Highlighting Ho-Chunk Language Learners: John Lee

By Kaili Berg

     Language is history, language is life, and language is the cultural health of the Ho-Chunk Nation. Fewer than 30 first language or eminent speakers are left.

     John Lee, Ho-Chunk Tribal Member, has been learning the Ho-Chunk language ever since he was a child. He was born in Maryland, and later moved to Wisconsin and grew up in the City of Tomah.

     “My Choka, Orval Greendeer, had a language camp. I remember going to one of the camps where he was teaching language. I also heard the language going to feasts, but I did not really speak any of the language, Lee said. “It really motivated me to want to learn and understand the people who were speaking it.”

     Lee said when he was in high school he had a job at the Drop In Center, located in Tomah. Lee remembers when Gordon Thunder came by and went over a bunch of words with the youth who attended. Lee became curious and during his freshman year of high school, the school offered language classes after school that he attended.

     To Lee, language is important to him because it is sacred to him.

     “Ho-Chunk means Sacred Voice, and it’s hard to imagine being Ho-Chunk without knowing it,” said Lee.

     Lee said after taking high school language classes, he went to college in Madison. He met Cecil Garvin and Henning Garvin who gave a class there. He got a copy of Cecil's textbook and started going through it on his own.

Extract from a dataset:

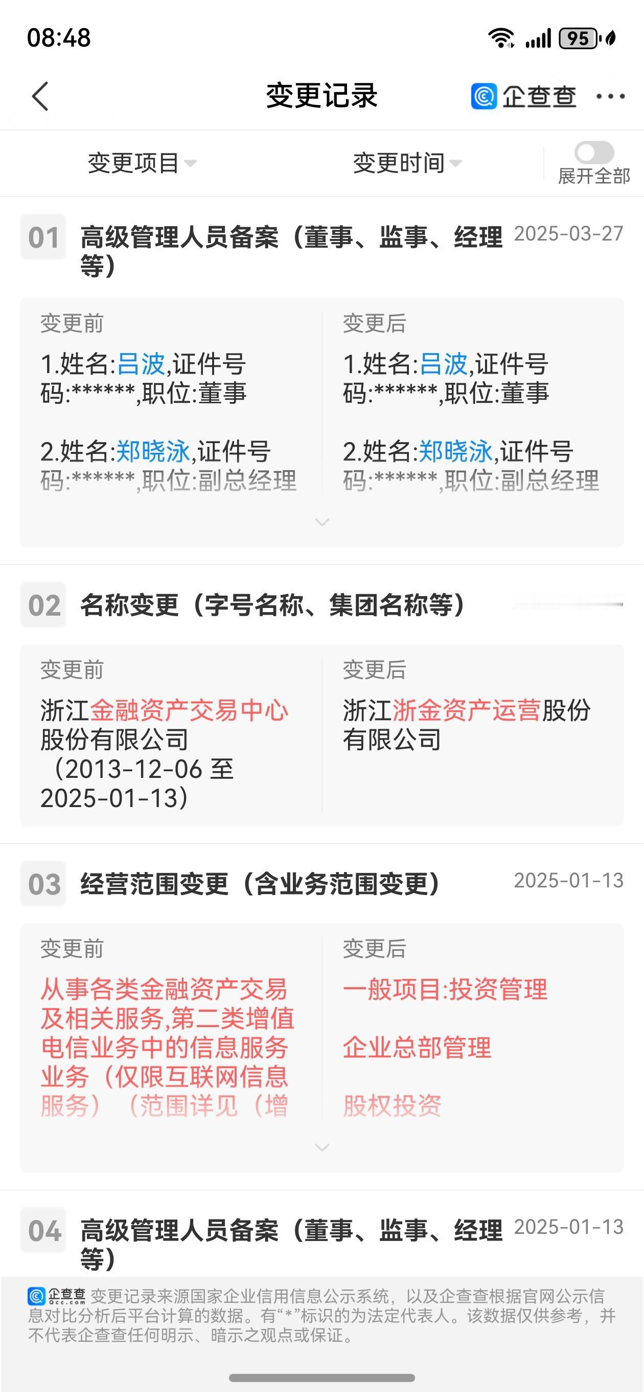 有媒体报道,浙江金融资产交易中心200亿元(人民币,下同,约37亿新元)投资产品违约后,公司官网首页已将公司名称由“浙江金融资产交易中心股份有限公司”更改为“浙江浙金资产运营股份有限公司”。 这个得辟个谣,浙江金融资产交易中心股份有限公司早在今年1月13日就已经将公司名称变更为“浙江浙金资产运营股份有限公司”而并非是在投资产品爆雷之后临时变更。 同时值得关注的是,在随后的3月27日,该公司的监事、董事和经理等高管人员进行了较大调整,有4人不再担任副总经理,一人不再担任监事。新提拔两人为副总经理,另外新进两名监事一名副总经理。

     “It’s been a lot of continual exposure in learning, rather than an immediate thing for me to learn.”

     One of Lee's challenges with learning the language was listening to fluent speakers. There are currently less than 30 eminent speakers left, and listening to them speak can be challenging for learners. Lee said that it is a challenge now, and a challenge for future generations.

     “If you want to learn the language, work at it every day, even if it is just a little bit each time,” said Lee.